Я попыталась кратко изложить все это Адаму:
— Ну, в общем, феноменология утверждает, что да, мол, ты существуешь, и мир существует, но вот отношения между тобой и миром — это уже сложнее. Как мы вообще даем чему-нибудь определение? Где заканчивается одно и начинается другое? Структурализм вроде как утверждал, что объекты — это всего лишь объекты и их можно называть как угодно. Но мне куда интереснее вопросы о том, что становится объектом. И как может объект иметь значение за пределами языка, с помощью которого мы дали ему определение.
— Выходит, в конечном итоге все сводится лишь к языку. Есть только слова, а за ними — больше ничего. Главная мысль — в этом?

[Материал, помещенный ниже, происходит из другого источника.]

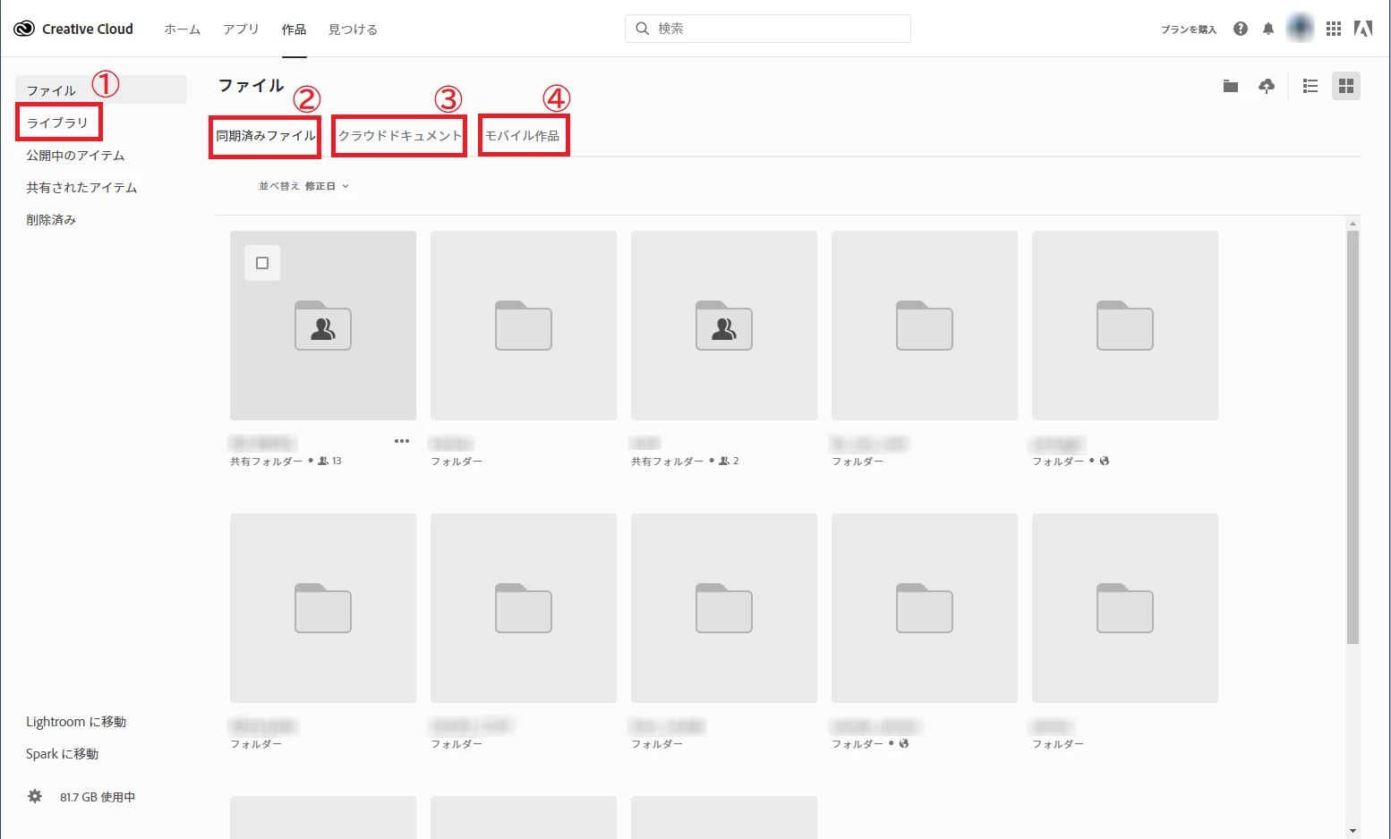 2. 「ライブラリ」「同期済みファイル」「クラウドドキュメント」「モバイル作品」について、不要なものがあれば削除します。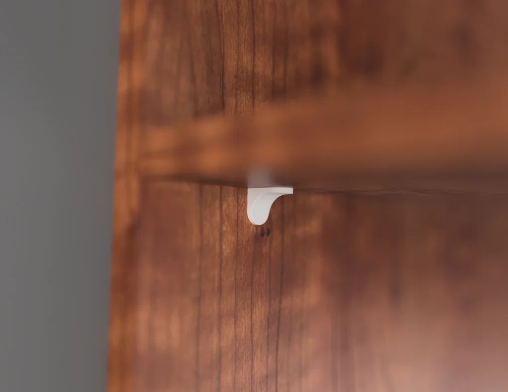 Miếng đỡ kệ nhỏ gọn, dáng cong tối giản, lắp press-fit cho các lỗ kệ tiêu chuẩn 5mm trên tủ, tủ áo và kệ sách. Tối ưu cho in 3D FDM (PLA/PETG), in phẳng, không cần supports, infill 100% cho độ chắc cao.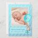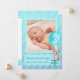 Um doce cartão de anúncio azul-bebê com uma bela coala, presente e imagem de balão. Personalize com seus detalhes e uma foto especial do seu filho. A maneira excelente de anunciar sua nova chegada à família e aos amigos. Urso coala com cor d'água original com arte de balão e design por Sarah Trett para www.mylittleeden.com no Zazzle.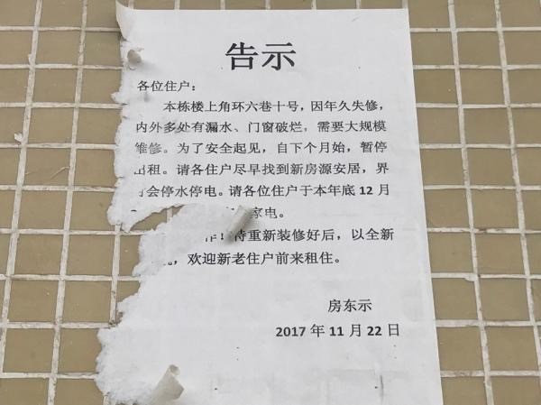2018年1月,上海老西门一带在拆违前的租房广告。

— Ну, примерно. Хотя дело тут не только в словах. Возможно, «язык» — не то слово, которое требуется в этом контексте. Может, правильнее было бы говорить «информация». — Я вздохнула. — Все это так трудно выразить словами. Возможно, Бодрийяру это удается лучше, когда он говорит о копии без оригинала — симулякре. Типа, как у Платона — знаешь? Он ведь считал, что на земле все — копия (или тени) Идеи. Ну, а что, если мы создали такой мир, где даже тот уровень реальности, в котором за правду принимают тени, еще не последняя копия? Вдруг в нашем мире не осталось ничего из того, что раньше считалось реальным, а отсылающие к вещам копии — то есть язык и знаки — больше ни к чему не отсылают? Что, если все наши идиотские картинки и знаки больше не отображают никакой реальности? Что, если они вообще ничего не отображают и отсылают лишь внутрь себя самих или к другим знакам? Это гиперреальность. Если воспользоваться терминами Деррида, это мир, в котором реальность от нас постоянно скрыта. Причем скрыта с помощью языка. Он обещает нам стол, призраков или камень, но дать нам всего этого на самом деле не может.